To forgive all too often seems to be the adage that is a pre-requisite of healing; ‘forgive and let go’, is the echo of the enlightened.
And yet should we ‘let go’? Who will we be then? What will prevent a re-offence at some time farther ahead on the journey of healed forgetfulness?
Forgiveness according to theological scholars requires contrition and penance.
Contrition from the Latin contritus ‘ground to pieces’, i.e. crushed by guilt and that guilt is the feeling of remorse on the damage caused and the loss of connection and intimacy with the other and/or Spirit
Thomas Aquinas suggests, “Since it is requisite for the remission of sin that a man cast away entirely the liking for sin which implies a continuity and solidity in his mind, the act which obtains forgiveness is termed by a figure of speech ‘contrition'” (In Lib. Sent. IV, dist. xvii; cf. Supplem. III, Q. i, a. 1). Therefore apology requires an action and comitment to acknowledgle the and be responsible for the outcome of the ‘distancing’ and to at least try and avoid the act in the future.
All forgiveness starts within; we need to forgive ourselves in order to forgive others and that calls for a contrition and penance also within ourselves. When we forgive ourselves all external ‘sin’ becomes redeemed, in a sense there is no longer a need to forgive others. For they are but a product of our despair, our distancing and separation.
Forgiveness requires an acknowledgement of the ‘sin’ and that requires a setting done of judgement of the sinner. When we judge the sinner, even ourselves as a sinner we judge history from an egotistic future; that is our greatest sin.
Within us is the grief of remorse as we distance and create separation between ourselves and the Beloved; we year to reconcile and return to the bosom of the Lover – this is the contrition of the Soul.
It is the Sin which distances us from the other however that act of intentional distancing and separation manifests. When we are in ‘sin’ we make a choice to turn away from that which we love, we make a choice to create a separation between ourselves and the Lover; we choose not to be loved and we separate ourselves from the Beloved; we choose not to love.
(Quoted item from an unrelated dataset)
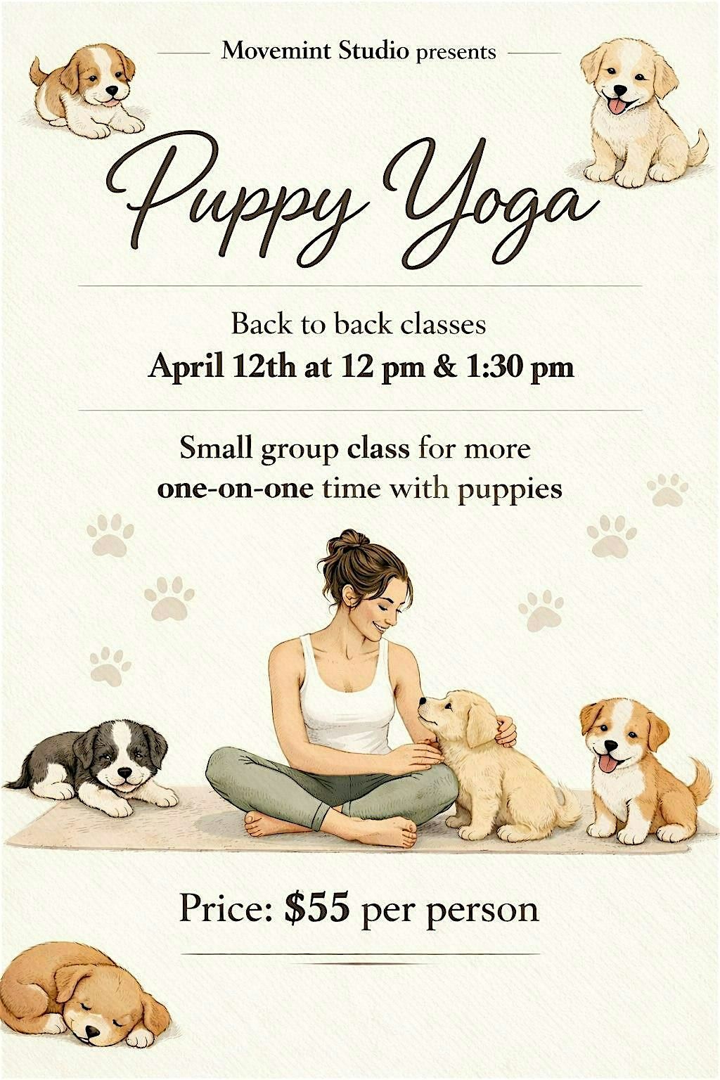 Two intimate Puppy Yoga classes, held back to back at 12:00 PM and 1:30 PM. Please arrive 10 minutes early, as class will begin right on time. You will have to choose a time slot (12:00 PM or 1:30 PM). Once you pick a time slow it cannot be changed.

Sin is defined or known by its outcome, sin always produces despair. We may not realise that we ‘have sinned’ except by the resulting despair. One cannot forgive what one does not know. Only when we know the ‘crime’, can we bring forgiveness to it; it is by observing the despair that we are aware of the sin. In this way forgiveness is not a set of doing good words and lip service, it is rather a relational act to a reality. It is a nullification of despair with hope. As sin is always intentional, so forgiveness is an intentional act of compassion.
Forgiveness is an opposite act to ‘sinning’; where sin distances and separates forgiveness unities and connects; sin equals alienation and forgiveness intimacy.
Talk of ‘sin’ may appear to be archaic and judgemental based on religious teaching and may be unwelcome to some. But we live at an edge in the world today and require language that jolts us to attention.
We hear the evangelists calling out about the wages of sin and they usually mean death and or hellfire and damnation.
Let us consider what the fallout of this thing we have come to recognise as sin is…
- We create a separation between ourselves and the one we love.
- We create a barrier between us and love.
- We exile ourselves to the void of the loveless.
- It is we who exile ourselves to man made hell.
And that is not the end of the story…..
We create around us a vibration of pain, of guilt and shame, of regret and by this, in the lonely place, it becomes a rage.
This is the demon that we possess the world with!
At first we are jealous and want to share what the other has; the world has.
Till finally that pain falls into envy and we take without care and with destruction.
Our pain becomes the vibration that permeates this planet and all that live within its embrace. That vibration deforests, culls, steals, makes war, shakes the earth, melts the icecaps, creates extinction. Strangely all this sounds like the damnation of hell!
‘’If people are good only because they fear punishment, and hope for reward, then we are a sorry lot indeed.’’
-Albert Einstein, physicist, Nobel laureate (1879-1955)
Penance is an action; it is a voluntary, intentional engagement in that reconciliation which arises from love and not fear. As with hope, we are called to action; an action of sorrow born out of love for reconnection.
This contrition should not be an expectation put upon the unforgiven rather a compassionate response within the ‘forgiver’. We forgive as an act of love, calling the ‘sinner’ to enter into that same love rather than to be worn down by guilt and to react from fear of punishment.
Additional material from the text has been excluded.